Justly returns our attention to Adams—though liberal readers will prefer Mark Puls’s 2006 biography, which emphasizes his...

Neocon view of the least-known Founding Father, arguing that his religious beliefs fueled his revolutionary ardor and, in today’s more secular America, have denied him his due from historians.

By the time this tendentious biography ends, it’s evident—to the author, at least—that Samuel Adams (1722–1803) would gleefully have supported firearms in every living room, prayer in the public schools and the invasion of Iraq. New York Sun managing editor Stoll does not display his conservative cards plainly until the end, but it’s patent that this is no disinterested analysis. However, it does provide the basic information. Adams’s father sold beer malt and was also christened Samuel (hence the name of today’s popular brand of brew). Before hostilities erupted, Adams the younger was a fiery journalist writing under a variety of pen names who made invaluable contributions to the revolution. Indeed, he was there on its opening day: Hiding from the British in Lexington, Adams and John Hancock quite literally heard, but did not see, the shot heard ’round the world. Before and after independence, Adams devoted much of his life to public service, as a representative to both Continental Congresses, a state legislator, lieutenant governor and governor of Massachusetts, whose constitution he helped frame.
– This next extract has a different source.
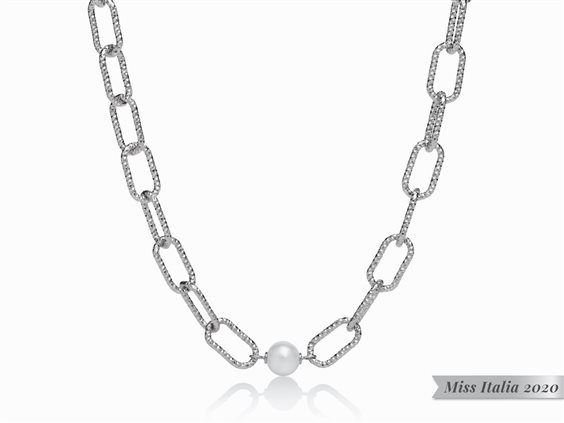 Collana con maglia a catena da 16 mm con lavorazione diamantata in argento 925 e con perla coltivata bianca ø 9-9,5. Lunghezza cm 44 con allungamento fino a 46 cm.

He never held national office. Stoll quotes frequently from Adams’s journalism and correspondence, making certain that readers are aware of nearly everything he ever wrote that alluded to the Bible—he liked to compare America’s revolutionaries with the biblical Israelites—or revealed his belief that religion should be at the heart of American life. Adams’s last known letter was to Thomas Paine, chiding him for his work on the skeptical The Age of Reason.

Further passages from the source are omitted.